Included in fees and other income are administrative fees received from
KILICO's separate account products of $26.6 million in the first nine
months of 1997, compared with $18.4 million in the first nine months of
1996.  Administrative fee revenue increased due to growth in average
separate account assets and the receipt of $80.0 million of bank owned
variable universal life insurance ("BOLI") premiums which generated $3.7
million of expense loads and fees.  Other income also included surrender
charge revenue of $4.0 million in the first nine months of 1997, compared
with $4.2 million in the first nine months of 1996.


<TABLE>
Policyholder surrenders and withdrawals
(in millions)	
<CAPTION>
                               		Nine months ended		    Three months ended
         	                          September 30		         September 30
             		                  -----------------	     ------------------
                                  1997	      1996	       1997	       1996 
                                	 ----	      ----        ----	       ----
<S>                              <C>        <C>         <C>         <C>
General account	                 $515.4    	$491.6	     $189.4   	  $167.5
Separate account	                 177.9      140.1	       67.8	       48.8
             		                  ------    	------	      -----	      -----
Total	                           $693.3    	$631.7   	  $257.2	     $216.3
              	                  ======    	======	     ======	     ======

</TABLE>
				 
Reflecting the current interest rate environment and other competitive
market factors, KILICO adjusts its crediting rates on interest-sensitive
products over time in order to manage spread revenue and policyholder
surrender and withdrawal activity.  KILICO can also improve spread revenue
over time by increasing investment income.

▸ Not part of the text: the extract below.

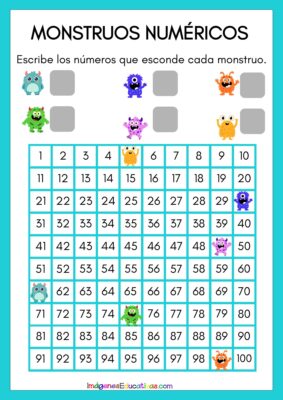 Usted está aquí: Inicio / Monstruos numéricos en la tabla del 100 / Monstruos numericos tabla 100 (4)

KILICO expects that the level of future surrender and withdrawal activity, 
compared with such activity experienced in 1997, could be adversely
affected by a future rise in interest rates and by reductions to crediting
rates during 1997 as interest rates also declined.


Commissions, taxes, licenses and fees and the deferral of insurance
acquisition costs increased in the first nine months of 1997, compared
with the first nine months of 1996, primarily due to an increase in
commissions related to the increase in sales in the first nine months of
1997 and as a result of $2.0 million in premium taxes related to $80.0
million of BOLI premiums received in 1997.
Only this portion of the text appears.